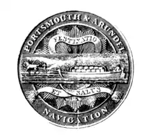 The Portsmouth and Arundel Canal was a canal in the south of England that ran between Portsmouth and Ford in the Arundel district, it was built in 1823 but was never a financial success and was abandoned in 1855; the company was wound up in 1888.[1] The canal was part of a larger scheme for the construction of a secure inland canal route from London to Portsmouth, which allowed craft to move between the two without having to venture into the English Channel and possibly encounter enemy ships or natural disaster. It was built by the Portsmouth & Arundel Navigation company. The canal was made up of three sections: a pair of ship canals, one on Portsea Island and one to Chichester, and a barge canal that ran from Ford on the River Arun to Hunston where it joined the Chichester section of the canal
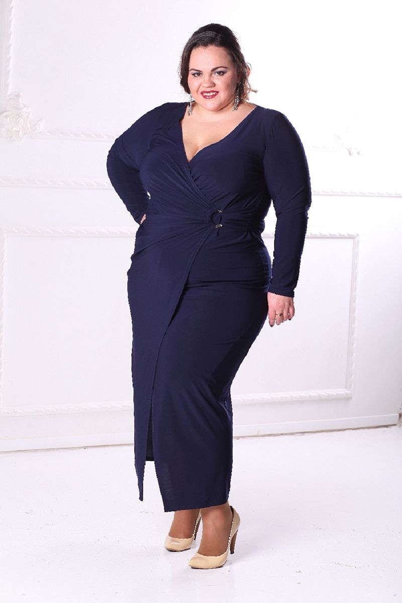 Платье вечернее из темно-синего крепа с пришивным украшением
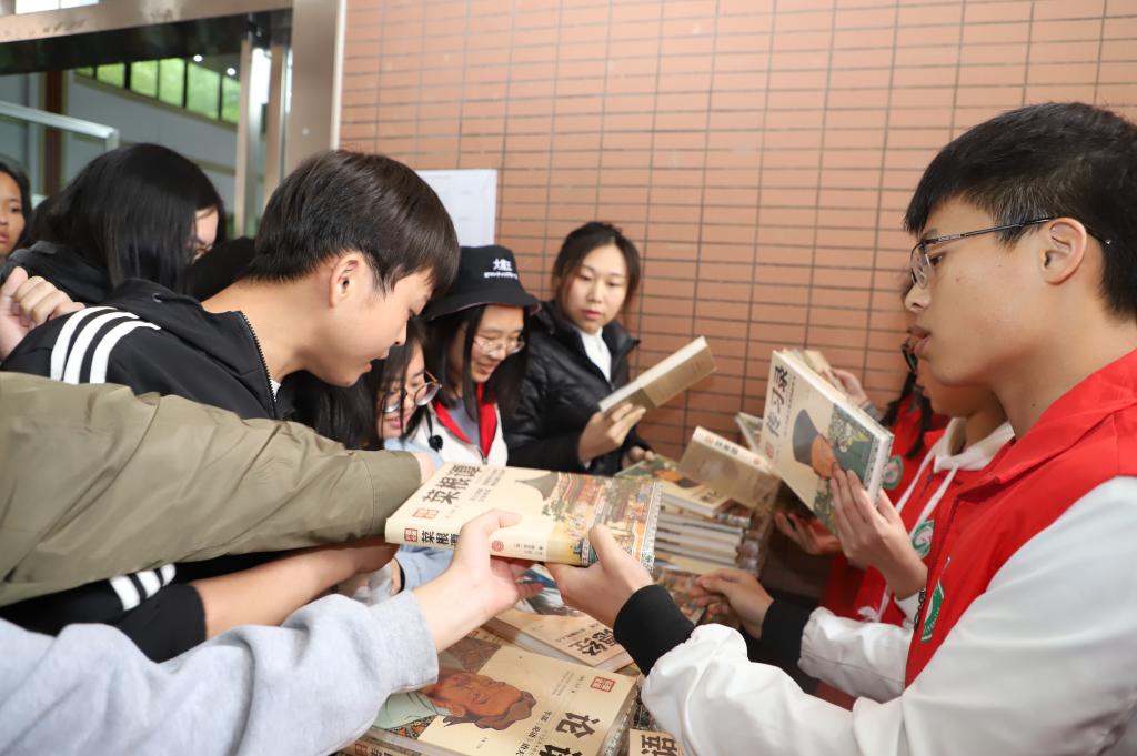康复学院2016级康复治疗学本科1班刘宇代表学生发言。捐赠仪式后,在场师生还现场领取了捐赠的《王阳明》《论语》《菜根谭》等图书。

····················

§ **What you need to do**
From the first line to the last, write out the data exactly, omitting any pictures.

§ **Response to this task**
 The Portsmouth and Arundel Canal was a canal in the south of England that ran between Portsmouth and Ford in the Arundel district, it was built in 1823 but was never a financial success and was abandoned in 1855; the company was wound up in 1888.[1] The canal was part of a larger scheme for the construction of a secure inland canal route from London to Portsmouth, which allowed craft to move between the two without having to venture into the English Channel and possibly encounter enemy ships or natural disaster. It was built by the Portsmouth & Arundel Navigation company. The canal was made up of three sections: a pair of ship canals, one on Portsea Island and one to Chichester, and a barge canal that ran from Ford on the River Arun to Hunston where it joined the Chichester section of the canal
 Платье вечернее из темно-синего крепа с пришивным украшением
康复学院2016级康复治疗学本科1班刘宇代表学生发言。捐赠仪式后,在场师生还现场领取了捐赠的《王阳明》《论语》《菜根谭》等图书。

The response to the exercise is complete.